Records from a dataset
------
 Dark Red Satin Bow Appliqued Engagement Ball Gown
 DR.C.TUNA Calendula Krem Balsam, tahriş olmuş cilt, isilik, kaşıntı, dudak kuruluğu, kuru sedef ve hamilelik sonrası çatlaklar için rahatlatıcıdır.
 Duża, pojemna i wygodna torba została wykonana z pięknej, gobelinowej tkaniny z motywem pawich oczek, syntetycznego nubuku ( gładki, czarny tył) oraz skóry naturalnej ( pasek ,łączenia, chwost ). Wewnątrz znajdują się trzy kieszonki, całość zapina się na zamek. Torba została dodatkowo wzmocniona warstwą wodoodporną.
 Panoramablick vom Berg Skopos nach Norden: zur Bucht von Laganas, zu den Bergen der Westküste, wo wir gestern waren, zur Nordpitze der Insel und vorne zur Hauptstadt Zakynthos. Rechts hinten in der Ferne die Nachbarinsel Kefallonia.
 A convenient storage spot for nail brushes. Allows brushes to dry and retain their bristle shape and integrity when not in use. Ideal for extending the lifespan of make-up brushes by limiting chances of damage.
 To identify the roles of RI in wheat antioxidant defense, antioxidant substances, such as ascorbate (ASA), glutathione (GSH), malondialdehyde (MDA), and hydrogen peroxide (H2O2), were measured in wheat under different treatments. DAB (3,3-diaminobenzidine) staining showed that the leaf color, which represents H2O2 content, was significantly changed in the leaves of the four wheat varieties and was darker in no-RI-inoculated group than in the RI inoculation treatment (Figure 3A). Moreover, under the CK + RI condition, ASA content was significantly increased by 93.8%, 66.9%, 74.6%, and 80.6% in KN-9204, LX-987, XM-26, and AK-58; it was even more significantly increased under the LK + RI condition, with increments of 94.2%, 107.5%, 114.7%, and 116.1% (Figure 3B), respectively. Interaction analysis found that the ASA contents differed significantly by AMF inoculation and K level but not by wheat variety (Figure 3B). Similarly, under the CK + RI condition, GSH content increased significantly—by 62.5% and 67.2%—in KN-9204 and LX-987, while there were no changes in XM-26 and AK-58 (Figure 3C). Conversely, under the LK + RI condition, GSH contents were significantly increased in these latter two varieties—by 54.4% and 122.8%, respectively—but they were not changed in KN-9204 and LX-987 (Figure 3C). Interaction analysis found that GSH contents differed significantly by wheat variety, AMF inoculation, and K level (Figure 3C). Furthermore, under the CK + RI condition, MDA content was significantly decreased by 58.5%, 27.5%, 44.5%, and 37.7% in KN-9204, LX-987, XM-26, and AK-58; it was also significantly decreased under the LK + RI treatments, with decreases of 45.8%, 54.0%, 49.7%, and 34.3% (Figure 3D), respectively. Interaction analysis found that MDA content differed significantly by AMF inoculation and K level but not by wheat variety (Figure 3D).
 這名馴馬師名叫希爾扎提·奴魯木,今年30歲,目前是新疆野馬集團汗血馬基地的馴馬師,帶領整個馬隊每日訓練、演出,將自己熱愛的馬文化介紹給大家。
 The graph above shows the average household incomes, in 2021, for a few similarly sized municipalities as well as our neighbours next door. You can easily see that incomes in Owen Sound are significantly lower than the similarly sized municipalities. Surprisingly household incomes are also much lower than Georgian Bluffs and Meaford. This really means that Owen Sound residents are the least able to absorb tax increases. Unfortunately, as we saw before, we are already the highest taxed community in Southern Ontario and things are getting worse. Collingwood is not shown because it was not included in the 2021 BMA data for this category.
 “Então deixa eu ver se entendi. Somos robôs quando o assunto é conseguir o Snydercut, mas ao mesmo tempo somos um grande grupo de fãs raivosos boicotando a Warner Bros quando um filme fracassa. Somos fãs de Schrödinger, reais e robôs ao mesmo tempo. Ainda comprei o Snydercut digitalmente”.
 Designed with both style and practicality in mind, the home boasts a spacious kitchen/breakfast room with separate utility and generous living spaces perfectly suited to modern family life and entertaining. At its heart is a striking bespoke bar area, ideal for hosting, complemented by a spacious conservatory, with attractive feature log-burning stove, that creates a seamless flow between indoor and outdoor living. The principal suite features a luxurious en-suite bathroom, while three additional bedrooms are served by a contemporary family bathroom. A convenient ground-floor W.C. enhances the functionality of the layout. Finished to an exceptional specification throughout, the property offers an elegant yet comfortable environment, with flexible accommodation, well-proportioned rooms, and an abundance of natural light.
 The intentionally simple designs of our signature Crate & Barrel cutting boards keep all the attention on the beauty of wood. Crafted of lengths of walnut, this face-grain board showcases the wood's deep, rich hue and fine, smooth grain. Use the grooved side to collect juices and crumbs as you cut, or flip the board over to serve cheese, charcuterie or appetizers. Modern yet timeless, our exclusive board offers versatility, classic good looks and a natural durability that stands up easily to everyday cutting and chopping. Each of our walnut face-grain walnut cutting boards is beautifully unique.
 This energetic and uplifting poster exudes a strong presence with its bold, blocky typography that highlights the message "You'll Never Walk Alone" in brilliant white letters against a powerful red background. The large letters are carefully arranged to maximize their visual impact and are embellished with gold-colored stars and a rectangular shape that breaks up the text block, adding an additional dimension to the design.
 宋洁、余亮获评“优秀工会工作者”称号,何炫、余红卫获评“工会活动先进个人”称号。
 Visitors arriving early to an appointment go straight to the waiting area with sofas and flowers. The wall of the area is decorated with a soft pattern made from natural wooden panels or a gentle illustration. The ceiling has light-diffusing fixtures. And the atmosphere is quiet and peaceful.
------
* _Exercise objective_
Restate the records above in full, keeping each line exactly as it stands.

* _Result of this exercise_
 Dark Red Satin Bow Appliqued Engagement Ball Gown
 DR.C.TUNA Calendula Krem Balsam, tahriş olmuş cilt, isilik, kaşıntı, dudak kuruluğu, kuru sedef ve hamilelik sonrası çatlaklar için rahatlatıcıdır.
 Duża, pojemna i wygodna torba została wykonana z pięknej, gobelinowej tkaniny z motywem pawich oczek, syntetycznego nubuku ( gładki, czarny tył) oraz skóry naturalnej ( pasek ,łączenia, chwost ). Wewnątrz znajdują się trzy kieszonki, całość zapina się na zamek. Torba została dodatkowo wzmocniona warstwą wodoodporną.
 Panoramablick vom Berg Skopos nach Norden: zur Bucht von Laganas, zu den Bergen der Westküste, wo wir gestern waren, zur Nordpitze der Insel und vorne zur Hauptstadt Zakynthos. Rechts hinten in der Ferne die Nachbarinsel Kefallonia.
 A convenient storage spot for nail brushes. Allows brushes to dry and retain their bristle shape and integrity when not in use. Ideal for extending the lifespan of make-up brushes by limiting chances of damage.
 To identify the roles of RI in wheat antioxidant defense, antioxidant substances, such as ascorbate (ASA), glutathione (GSH), malondialdehyde (MDA), and hydrogen peroxide (H2O2), were measured in wheat under different treatments. DAB (3,3-diaminobenzidine) staining showed that the leaf color, which represents H2O2 content, was significantly changed in the leaves of the four wheat varieties and was darker in no-RI-inoculated group than in the RI inoculation treatment (Figure 3A). Moreover, under the CK + RI condition, ASA content was significantly increased by 93.8%, 66.9%, 74.6%, and 80.6% in KN-9204, LX-987, XM-26, and AK-58; it was even more significantly increased under the LK + RI condition, with increments of 94.2%, 107.5%, 114.7%, and 116.1% (Figure 3B), respectively. Interaction analysis found that the ASA contents differed significantly by AMF inoculation and K level but not by wheat variety (Figure 3B). Similarly, under the CK + RI condition, GSH content increased significantly—by 62.5% and 67.2%—in KN-9204 and LX-987, while there were no changes in XM-26 and AK-58 (Figure 3C). Conversely, under the LK + RI condition, GSH contents were significantly increased in these latter two varieties—by 54.4% and 122.8%, respectively—but they were not changed in KN-9204 and LX-987 (Figure 3C). Interaction analysis found that GSH contents differed significantly by wheat variety, AMF inoculation, and K level (Figure 3C). Furthermore, under the CK + RI condition, MDA content was significantly decreased by 58.5%, 27.5%, 44.5%, and 37.7% in KN-9204, LX-987, XM-26, and AK-58; it was also significantly decreased under the LK + RI treatments, with decreases of 45.8%, 54.0%, 49.7%, and 34.3% (Figure 3D), respectively. Interaction analysis found that MDA content differed significantly by AMF inoculation and K level but not by wheat variety (Figure 3D).
 這名馴馬師名叫希爾扎提·奴魯木,今年30歲,目前是新疆野馬集團汗血馬基地的馴馬師,帶領整個馬隊每日訓練、演出,將自己熱愛的馬文化介紹給大家。
 The graph above shows the average household incomes, in 2021, for a few similarly sized municipalities as well as our neighbours next door. You can easily see that incomes in Owen Sound are significantly lower than the similarly sized municipalities. Surprisingly household incomes are also much lower than Georgian Bluffs and Meaford. This really means that Owen Sound residents are the least able to absorb tax increases. Unfortunately, as we saw before, we are already the highest taxed community in Southern Ontario and things are getting worse. Collingwood is not shown because it was not included in the 2021 BMA data for this category.
 “Então deixa eu ver se entendi. Somos robôs quando o assunto é conseguir o Snydercut, mas ao mesmo tempo somos um grande grupo de fãs raivosos boicotando a Warner Bros quando um filme fracassa. Somos fãs de Schrödinger, reais e robôs ao mesmo tempo. Ainda comprei o Snydercut digitalmente”.
 Designed with both style and practicality in mind, the home boasts a spacious kitchen/breakfast room with separate utility and generous living spaces perfectly suited to modern family life and entertaining. At its heart is a striking bespoke bar area, ideal for hosting, complemented by a spacious conservatory, with attractive feature log-burning stove, that creates a seamless flow between indoor and outdoor living. The principal suite features a luxurious en-suite bathroom, while three additional bedrooms are served by a contemporary family bathroom. A convenient ground-floor W.C. enhances the functionality of the layout. Finished to an exceptional specification throughout, the property offers an elegant yet comfortable environment, with flexible accommodation, well-proportioned rooms, and an abundance of natural light.
 The intentionally simple designs of our signature Crate & Barrel cutting boards keep all the attention on the beauty of wood. Crafted of lengths of walnut, this face-grain board showcases the wood's deep, rich hue and fine, smooth grain. Use the grooved side to collect juices and crumbs as you cut, or flip the board over to serve cheese, charcuterie or appetizers. Modern yet timeless, our exclusive board offers versatility, classic good looks and a natural durability that stands up easily to everyday cutting and chopping. Each of our walnut face-grain walnut cutting boards is beautifully unique.
 This energetic and uplifting poster exudes a strong presence with its bold, blocky typography that highlights the message "You'll Never Walk Alone" in brilliant white letters against a powerful red background. The large letters are carefully arranged to maximize their visual impact and are embellished with gold-colored stars and a rectangular shape that breaks up the text block, adding an additional dimension to the design.
 宋洁、余亮获评“优秀工会工作者”称号,何炫、余红卫获评“工会活动先进个人”称号。
 Visitors arriving early to an appointment go straight to the waiting area with sofas and flowers. The wall of the area is decorated with a soft pattern made from natural wooden panels or a gentle illustration. The ceiling has light-diffusing fixtures. And the atmosphere is quiet and peaceful.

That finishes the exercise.